Your instructions ▸
Would you please repeat, word for word, only the lines from the one holding "[자포리자=AP/뉴시스] 3일(현지시간) 우크라이나" through the one holding "Находим в открывшемся" in the material below, without the pictures?

Source material ▸
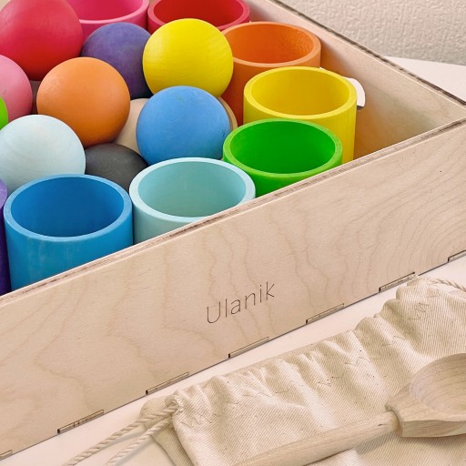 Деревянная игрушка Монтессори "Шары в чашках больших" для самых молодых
---
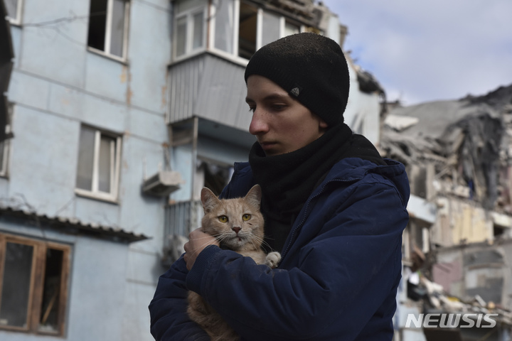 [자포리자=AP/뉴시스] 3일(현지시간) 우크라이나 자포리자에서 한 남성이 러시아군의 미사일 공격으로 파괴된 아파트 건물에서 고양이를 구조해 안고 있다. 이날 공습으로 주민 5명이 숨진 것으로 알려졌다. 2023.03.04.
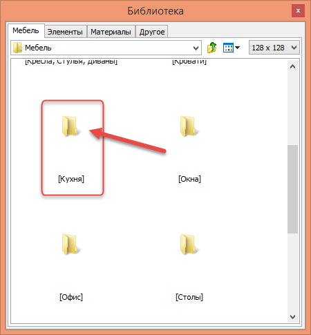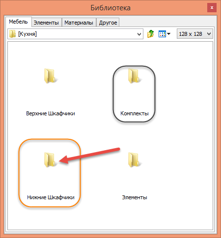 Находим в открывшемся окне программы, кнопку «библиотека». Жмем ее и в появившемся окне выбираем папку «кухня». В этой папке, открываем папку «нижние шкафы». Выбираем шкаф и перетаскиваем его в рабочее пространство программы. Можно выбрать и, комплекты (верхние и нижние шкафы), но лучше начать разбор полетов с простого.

Output for this exercise ▸
 [자포리자=AP/뉴시스] 3일(현지시간) 우크라이나 자포리자에서 한 남성이 러시아군의 미사일 공격으로 파괴된 아파트 건물에서 고양이를 구조해 안고 있다. 이날 공습으로 주민 5명이 숨진 것으로 알려졌다. 2023.03.04.
 Находим в открывшемся окне программы, кнопку «библиотека». Жмем ее и в появившемся окне выбираем папку «кухня». В этой папке, открываем папку «нижние шкафы». Выбираем шкаф и перетаскиваем его в рабочее пространство программы. Можно выбрать и, комплекты (верхние и нижние шкафы), но лучше начать разбор полетов с простого.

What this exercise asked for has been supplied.